= Greta Patzke =

Professor of Inorganic Chemistry

Greta R. Patzke (born 2 March 1974 in Bremen) is Professor of Inorganic Chemistry at the University of Zurich.

== Life ==
From 1993 to 1997 she studied chemistry at Leibniz University Hannover. Her diploma thesis dealt with solid-state chemistry and computational chemistry. From 1997 to 1999 she completed her dissertation at Leibniz University in the group of Michael Binnewies. This dissertation dealt with the synthesis, characterization and properties of mixed oxides. In the group of Reinhard Nesper at the ETH Zurich she worked on her habilitation from 1999 on. During this time she worked on inorganic structural chemistry, the synthesis of nanomaterials and the systematic application and investigation of hydrothermal techniques.
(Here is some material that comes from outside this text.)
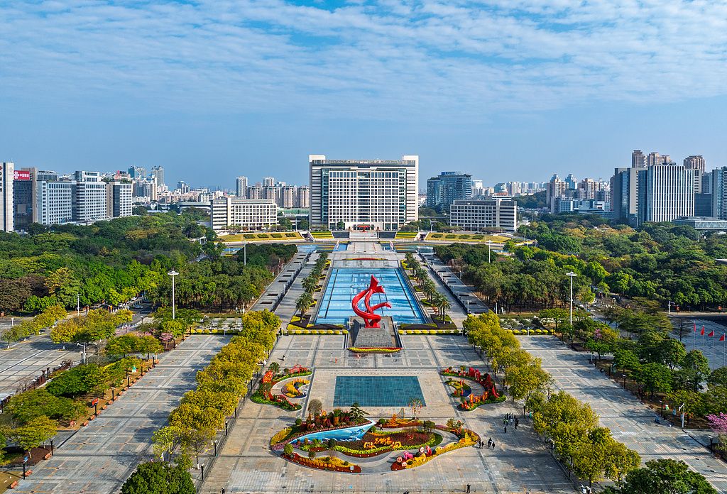 中央“金蛇贺春”主景花坛长度约46米,宽度约35米,打造“灵蛇迎春”“福狮献瑞”“桃花送褔”的主景,描绘出“龙“满载而归”、腾盛世贺新春、欢度佳节百姓安”的新春画卷与“船归城归福年归,莞福兴福湾区福”的新春愿景!东西两侧次花坛以“莞邑纳福、华灯贺岁”为主题,灯笼、对联,贺卡、鞭炮的新春元素以新颖的艺术文创造景方式呈现,营造蛇年旧岁除,八方喜庆来的欢乐气氛。北侧“美满之路”花坛以东莞“红飘带”雕塑为中心点,摆设春节年花,祝福东莞市民蛇年红红火火,美满幸福。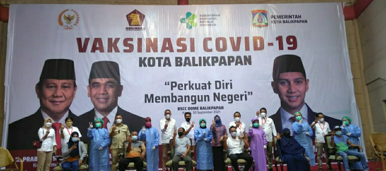 KOTAKU, BALIKPAPAN-Dewan Pimpinan Cabang (DPC) Partai Gerindra dukung Pemerintah Kota Balikpapan mewujudkan kekebalan kelompok yang ditarget 70 persen dengan menggelar vaksinasi di Balikpapan Sport and Convention Center (BSCC/DOME), Rabu (30/9/2021).

From 2007 to 2013, Greta Patzke was Assistant Professor of Inorganic Chemistry at the University of Zurich (Swiss National Science Foundation's funded professorship). In spring 2013 she was promoted to Associate Professor. Since May 2016 she is Full Professor. Since 2017 she is part of the institute's Board of Directors.

== Prizes and awards ==
- 2017 Credit Suisse Award for Best Teaching
- 07/1993 Gold medal at the 25th International Chemistry Olympiad in Italy (13th overall place worldwide)

== Selected publications ==

- Patzke, Greta R. (2002). "Oxidic Nanotubes and Nanorods—Anisotropic Modules for a Future Nanotechnology"
- Hussain, Firasat (2009). "A Gadolinium-Bridged Polytungstoarsenate(III) Nanocluster: [Gd 8 As 12 W 124 O 432 (H 2 O) 22 ] 60-"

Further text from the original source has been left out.